推荐人:江南四大才子 来源: 阅读: 2.93W 次

第七回 雪娘遭暗害

济公别传——第七回·第八回

此时,已到炎炎夏季,到处闷闷郁热,真是:鱼虾浮浅水,知了爬高梢。

济公一路摇着破蒲扇,就来到孤山一带。这里山势突兀,险峻陡峭,峦峰迢迢,怪石嶙峋,处处长满了荆棘酸枣树,山洼里时常还会有狼虫虎豹出来伤人,所以夜间根本没有行人敢走这里。

济公夜晚寄宿在山上的一座李坡山神庙里,这庙着实堂皇,红墙碧瓦、雕梁画栋,正堂中间安一只铜铸大鼎。庙宇前是一片十几平方米的平台,平台的四周由青石筑成。

平台上方有一五彩石砌成的池子,池内的水碧波荡漾、甘澈清冽。池子旁边有一座凉亭,供路人休息而建。

凉亭的西面矗一块石碑,碑文有字,乃是当年宋高祖亲载,碑文曰:朕误斩李坡,悲恸万分,坡忠厚千秋,侍母不二,孝心可表,特封为孤山山神。今建庙祭祀,流传万载,后辈效之,人过留名,雁过留声,天地为证。

每到闲暇时,济公会与一位看庙的老汉在树荫底下下棋,或是听老汉讲《包公铡美案》的故事。
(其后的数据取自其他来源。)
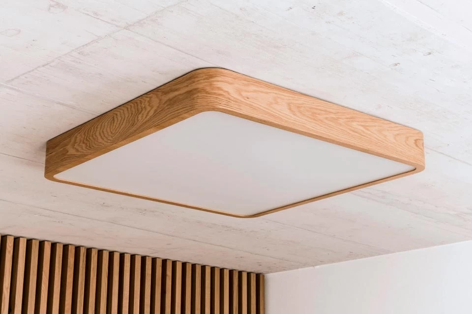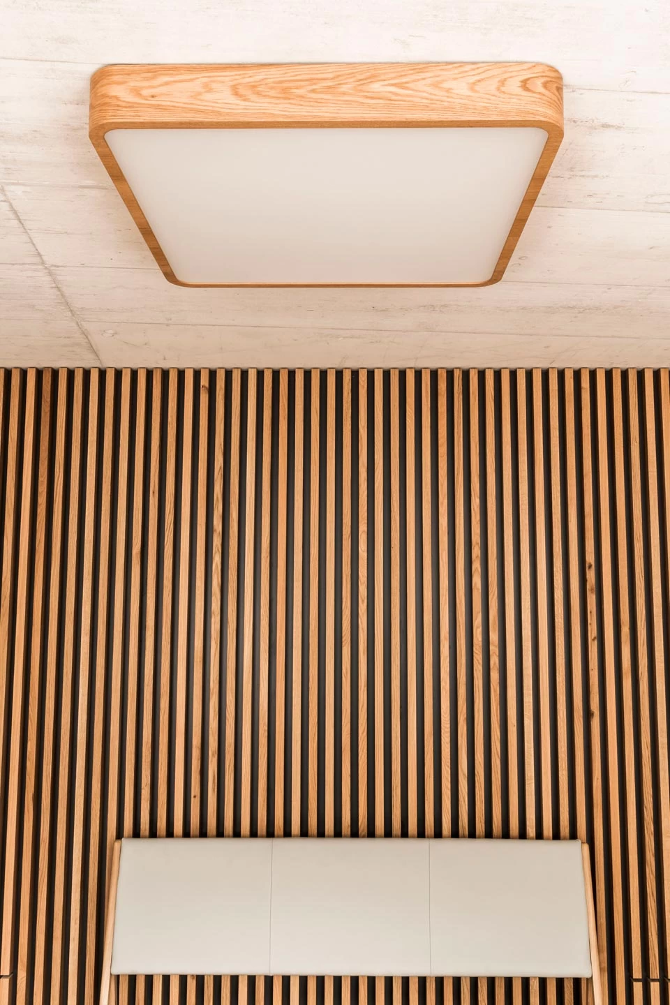La collection WoodLED est une série de luminaires qui combinent bois et LED, ici nous avons un superbe plafonnier minimaliste fait d’un carré de 60cm de côté en chêne aux angles arrondis, au sein duquel est encastré un module LED carré à la lumière blanche de grande qualité ( CRI> 90) qui forme comme une dalle sur le plafonnier, et diffuse une lumière agréable et très puissante. Le driver est intégré et compatible avec une installation DALI.

原来老汉年轻时是一位说书的,他能讲全本的《三侠五义》、《薛刚反唐》、《瓦岗五虎将》及《杨家将》的故事,当地人称他为“名嘴黑郎”。

在孤山的东面有一个小村庄,叫孙集村,村中有一个年轻寡妇,名叫雪娘,而乡民都愿称她王江氏。

几年前,他丈夫到江苏贩茶叶,返回途中不幸落水而亡,只撇下妻小相依为命。眼下她有两个女儿,大的叫金芳,时年十一岁,小的叫金萍,时年九岁。一个小儿子,名叫智儿,时年七岁。

一天上午,雪娘安顿好金芳姊妹俩,自己带着智儿回娘家。临行时嘱咐道:“金芳金萍,你姊妹俩要听话,不可出去惹事,我到你姥姥家去,今晚就回来。”

姊妹俩道:“娘,你就放心吧,我们姊妹俩一定很乖,只是你和弟弟路上一定要小心。”

说完,雪娘就带着智儿离开了,走不多久,就到孤山脚下。常言道:岭高必生怪,山险却有精。此时正值夏季,处处荆棘藤萝,乱草丛生,所以路上行人很少。

怎想这娘俩越走越热,智儿嘟囔道:“娘亲,我实在走不动了,找个阴凉处休息会吧。”雪娘道:“儿呀,此处地势凶险,郁草杂生,要是走出虎豹或者是山匪,只恐性命难保。还是等到了大路上再歇息吧!”说着,背起智儿就赶路。

又走不多时,智儿道:“娘亲,我渴的厉害,想喝口水。”雪娘道:“这可如何是好?此处前不巴村后不着店,又不见面清泉,可如何了呀?你先忍耐些,往前走走再说吧!”

走不多时,就见前方有一片瓜田,在瓜田的地头有一间草庵。雪娘见了十分欣喜,她急匆匆的赶上前去。

只见看瓜的是一个五十多岁的老妪,身穿皂衣,头缠宝髻,满脸褶皱,但身子骨却还硬朗。

雪娘笑道:“大嫂,我儿渴的厉害,四处又无泉水喝,恳求大嫂舍块瓜给我儿吃吃解渴。”这个老妪非常爽快,她笑道:“什么恳求不恳求,在桌上有切成块的瓜,你随意拿块吃吧。”

雪娘心里十分高兴,就拿了一小块给智儿吃。少时,他就吃完了,虽是解了渴,可身子骨还是闷热,汗流不止。

那老妪见智儿闷热,哂笑道:“妹妹你先在这稍待,帮我看好瓜田,我带他到西边的小河里洗洗。”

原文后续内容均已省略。